Il Cigno Nero è il titolo di un libro regalatomi da un amico, Gianluca, diverso tempo fa. Scritto da Nassim Nicholas Taleb, spiega, in modo più suggestivo, un concetto non nuovo : gli esseri umani, in una situazione di forte stress, di pressione insolita, possono crollare certo, ma anche , all'opposto, scoprire in se stessi capacità di reazione che mai avrebbero immaginato di possedere. Non è il conosciuto " cogliere le opportunità che una crisi offre ", che pure è vero, ma l'osservare come di fronte all'IMPREVISTO, all'evento che non è consueto nemmeno in Natura, si possa reagire positivamente.
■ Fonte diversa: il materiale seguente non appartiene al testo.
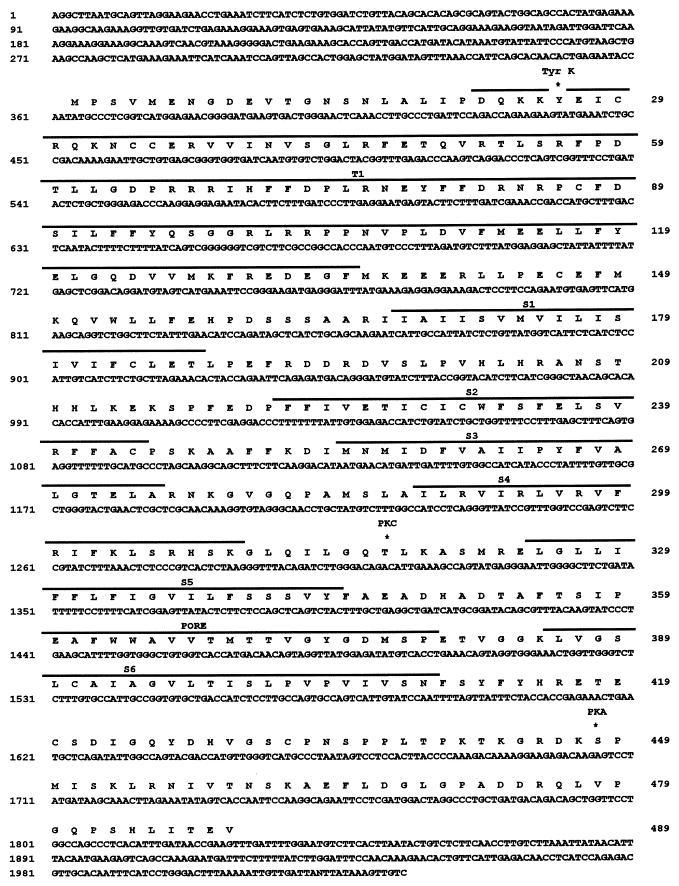 Fig. 3. Nucleotide sequence of the XKv1.10 cDNA (accession #AF323751), and the deduced amino acid sequence. The position of the tetramerization domain (T1), membrane spanning domains (S1–S6) and pore domain are indicated. Potential phosphorylation sites by protein kinase C (PKC) and protein kinase A (PKA) are indicated.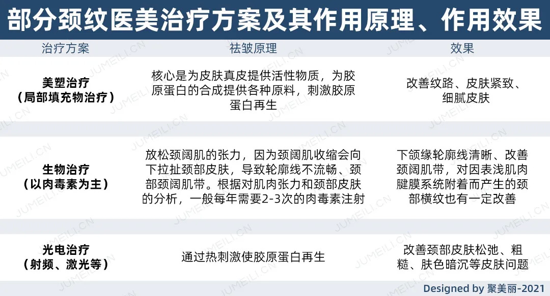 前三类方案在医美治疗中使用较多,虽然都以改善颈纹为目的,但其在作用原理和效果上存在一定的区别。对此,记者采访了安加医疗美容联合创始人田艳丽,并对采访内容进行了总结: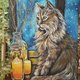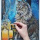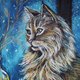 「當蠟燭點燃時。貓的肖像」 - 紙,油畫棒。原創油畫棒作品。作者是納德日達·科科里娜。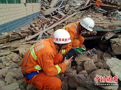 17日,按照四川省消防總隊高雨祥總隊長的現(xiàn)場指揮和部署,全省300多名官兵分成4個中隊80多個救援小組,以結(jié)古鎮(zhèn)為中心向各街道、鄉(xiāng)鎮(zhèn)蔓延,入鄉(xiāng)進(jìn)村,仔細(xì)搜索被困群眾。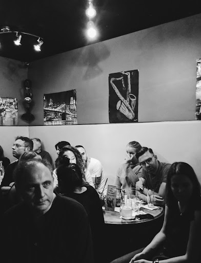 Jazz club & cocktail bar, hosting local & international jazz & blues musicians in a small interior.

Di qui il titolo. I Cigni sono BIANCHI, un cigno nero è una anomalia che però capita e alla quale non bisogna arrendersi.
Bello no ?
C'è una condizione perché questa qualità non si disperda : evitare di cedere alle paure legate alla propria fragilità . Nel timore di non essere in grado di farcela , finiamo per essere ossessionati dalla esigenza di prevedere, programmare e quindi evitare imprevisti di sorta.
Questo, come ciascuno di noi sa, non è mai del tutto possibile. Dobbiamo accettarlo.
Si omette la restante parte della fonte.